## DIRECTIONS FOR THIS TASK
Take nothing but the lines from the one with "В настоящее время" through the one with "Wójt Gminy Kostomłoty" in the entries below, both ends kept, and return them exactly with pictures left out.

## DATA FOR THIS TASK
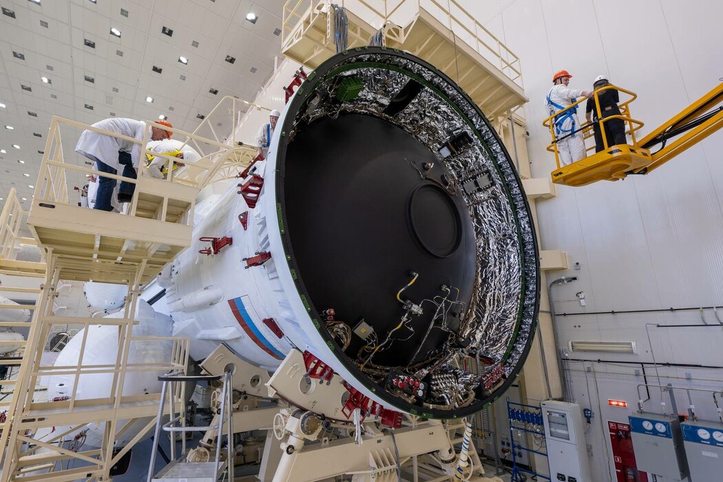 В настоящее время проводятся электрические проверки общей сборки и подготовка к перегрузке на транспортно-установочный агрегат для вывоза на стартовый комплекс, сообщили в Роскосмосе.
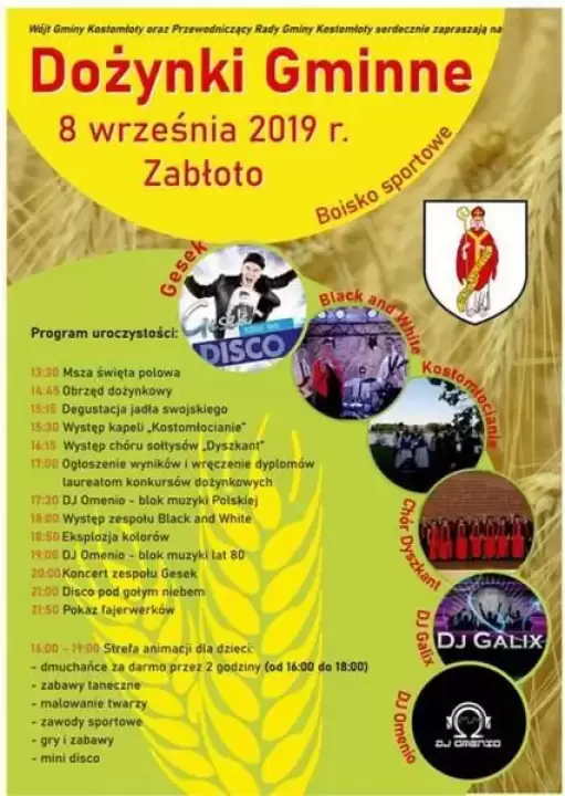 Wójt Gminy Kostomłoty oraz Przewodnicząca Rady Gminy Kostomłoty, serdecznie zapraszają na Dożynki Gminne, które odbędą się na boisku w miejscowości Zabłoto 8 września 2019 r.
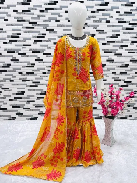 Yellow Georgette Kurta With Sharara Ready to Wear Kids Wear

--

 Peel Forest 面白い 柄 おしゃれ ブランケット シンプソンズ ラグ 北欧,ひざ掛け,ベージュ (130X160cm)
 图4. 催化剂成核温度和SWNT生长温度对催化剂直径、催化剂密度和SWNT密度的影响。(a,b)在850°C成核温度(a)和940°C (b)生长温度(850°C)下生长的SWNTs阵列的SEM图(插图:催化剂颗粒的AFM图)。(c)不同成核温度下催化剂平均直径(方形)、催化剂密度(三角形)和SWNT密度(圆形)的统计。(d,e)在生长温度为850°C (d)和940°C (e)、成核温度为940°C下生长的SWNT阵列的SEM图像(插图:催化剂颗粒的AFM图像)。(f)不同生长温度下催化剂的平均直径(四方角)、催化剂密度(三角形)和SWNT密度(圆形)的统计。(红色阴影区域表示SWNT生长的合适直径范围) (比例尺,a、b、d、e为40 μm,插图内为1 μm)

...

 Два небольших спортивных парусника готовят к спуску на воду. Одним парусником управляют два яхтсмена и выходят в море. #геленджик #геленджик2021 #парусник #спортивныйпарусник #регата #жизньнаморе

## REPLY
 В настоящее время проводятся электрические проверки общей сборки и подготовка к перегрузке на транспортно-установочный агрегат для вывоза на стартовый комплекс, сообщили в Роскосмосе.
 Wójt Gminy Kostomłoty oraz Przewodnicząca Rady Gminy Kostomłoty, serdecznie zapraszają na Dożynki Gminne, które odbędą się na boisku w miejscowości Zabłoto 8 września 2019 r.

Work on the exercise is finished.